In the previous example, the objective function and the constraint were specified explicitly. That will not always be the case. In the next example, we have to do a little geometry to extract them.

Example 2.10.4.

Find the rectangle of largest area (with sides parallel to the coordinates axes) that can be inscribed in the ellipse $x^2+2y^2=1\text{.}$

Solution.

Since this question is so geometric, it is best to start by drawing a picture.

Call the coordinates of the upper right corner of the rectangle $(x,y)\text{,}$ as in the figure above.
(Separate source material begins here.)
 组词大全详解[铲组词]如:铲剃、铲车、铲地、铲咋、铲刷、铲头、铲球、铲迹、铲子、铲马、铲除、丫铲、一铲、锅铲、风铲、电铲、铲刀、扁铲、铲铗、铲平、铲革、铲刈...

The four corners of the rectangle are $(\pm x, \pm y)$ so the rectangle has width $2x$ and height $2y$ and the objective function is $f(x,y) = 4xy\text{.}$ The constraint function for this problem is $g(x,y)=x^2+2y^2-1\text{.}$ Again, to use Lagrange multipliers we need the first order partial derivatives.
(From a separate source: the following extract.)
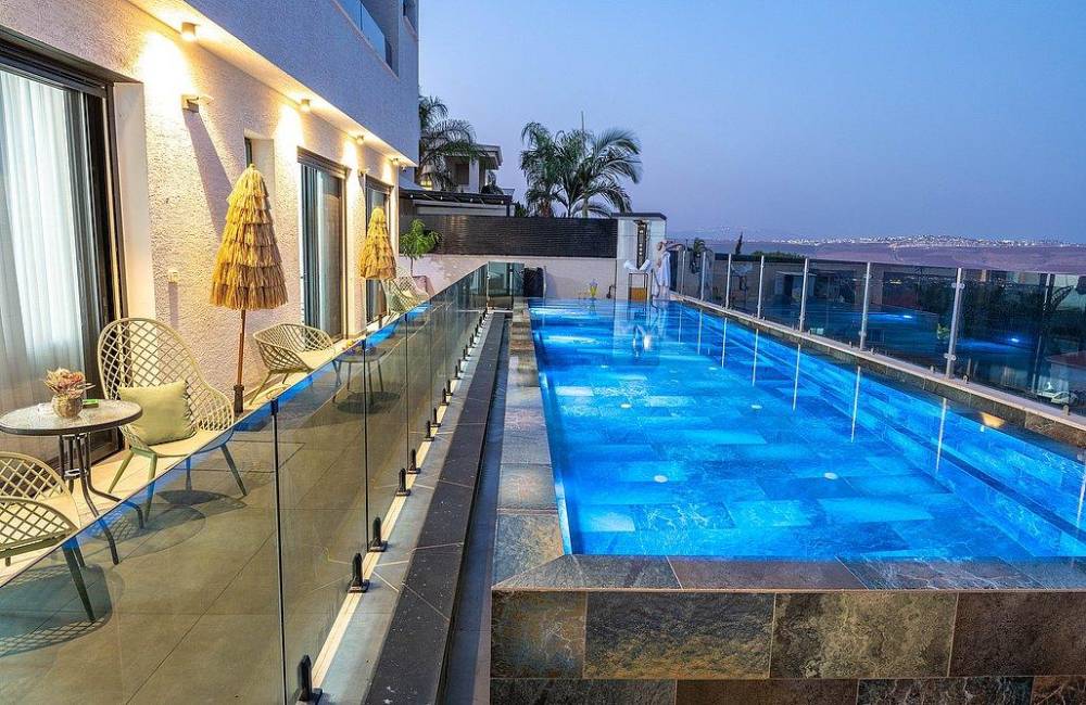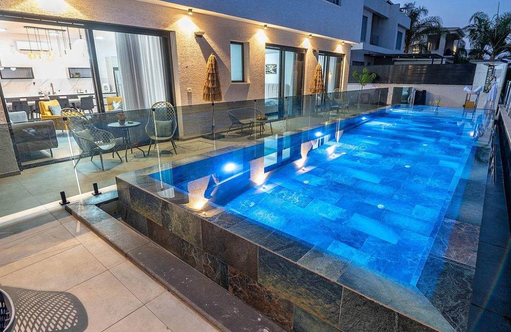בריכה מחוממת גדולה בגודל 12×3 מטר

\begin{equation*} f_x=4y\qquad f_y=4x\qquad g_x=2x\qquad g_y=4y \end{equation*}

So, according to the method of Lagrange multipliers, we need to find all solutions to

\begin{align*} 4y&=\la (2x) \tag{E1}\\ 4x&=\la (4y) \tag{E2}\\ x^2+2y^2-1&=0 \tag{E3} \end{align*}

Equation (E1) gives $y=\frac{1}{2}\la x\text{.}$ Substituting this into equation (E2) gives

\begin{gather*} 4x=2\la^2 x \qquad\text{or}\qquad 2x\big(2-\la^2\big)=0 \end{gather*}

So (E2) is satisfied if either $x=0$ or $\la=\sqrt{2}$ or $\la=-\sqrt{2}\text{.}$

If $x=0\text{,}$ then (E1) gives $y=0$ too. But $(0,0)$ violates the constraint equation (E3). Note that, to have a solution, all of the equations (E1), (E2) and (E3) must be satisfied.
If $\la=\sqrt{2}\text{,}$ then
- (E2) gives $x=\sqrt{2}y$ and then
- (E3) gives $2y^2+2y^2=1$ or $y^2=\frac{1}{4}$ so that
- $y=\pm\frac{1}{2}$ and $x=\sqrt{2}y=\pm\frac{1}{\sqrt{2}}\text{.}$
If $\la=-\sqrt{2}\text{,}$ then
- (E2) gives $x=-\sqrt{2}y$ and then
- (E3) gives $2y^2+2y^2=1$ or $y^2=\frac{1}{4}$ so that
- $y=\pm\frac{1}{2}$ and $x=-\sqrt{2}y=\mp\frac{1}{\sqrt{2}}\text{.}$

We now have four possible values of $(x,y)\text{,}$ namely $\big(\frac{1}{\sqrt{2}}\,,\,\frac{1}{2}\big)\text{,}$ $\big(-\frac{1}{\sqrt{2}}\,,\,-\frac{1}{2}\big)\text{,}$ $\big(\frac{1}{\sqrt{2}}\,,\,-\frac{1}{2}\big)$ and $\big(-\frac{1}{\sqrt{2}}\,,\,\frac{1}{2}\big)\text{.}$ They are the four corners of a single rectangle. We said that we wanted $(x,y)$ to be the upper right corner, i.e. the corner in the first quadrant. It is $\big(\frac{1}{\sqrt{2}}\,,\,\frac{1}{2}\big)\text{.}$

Example 2.10.5.

Find the ends of the major and minor axes of the ellipse $3x^2-2xy+3y^2=4\text{.}$ They are the points on the ellipse that are farthest from and nearest to the origin.

Solution.

Let $(x,y)$ be a point on $3x^2-2xy+3y^2=4\text{.}$ This point is at the end of a major axis when it maximizes its distance from the centre, $(0,0)$ of the ellipse. It is at the end of a minor axis when it minimizes its distance from $(0,0)\text{.}$ So we wish to maximize and minimize the distance $\sqrt{x^2+y^2}$ subject to the constraint

\begin{equation*} g(x,y)=3x^2-2xy+3y^2-4=0 \end{equation*}

Now maximizing/minimizing $\sqrt{x^2+y^2}$ is equivalent

⁴

The function $S(z)=z^2$ is a strictly increasing function for $z\ge 0\text{.}$ So, for $a,b\ge 0\text{,}$ the statement “$a \lt b$” is equivalent to the statement “$S(a) \lt S(b)$”.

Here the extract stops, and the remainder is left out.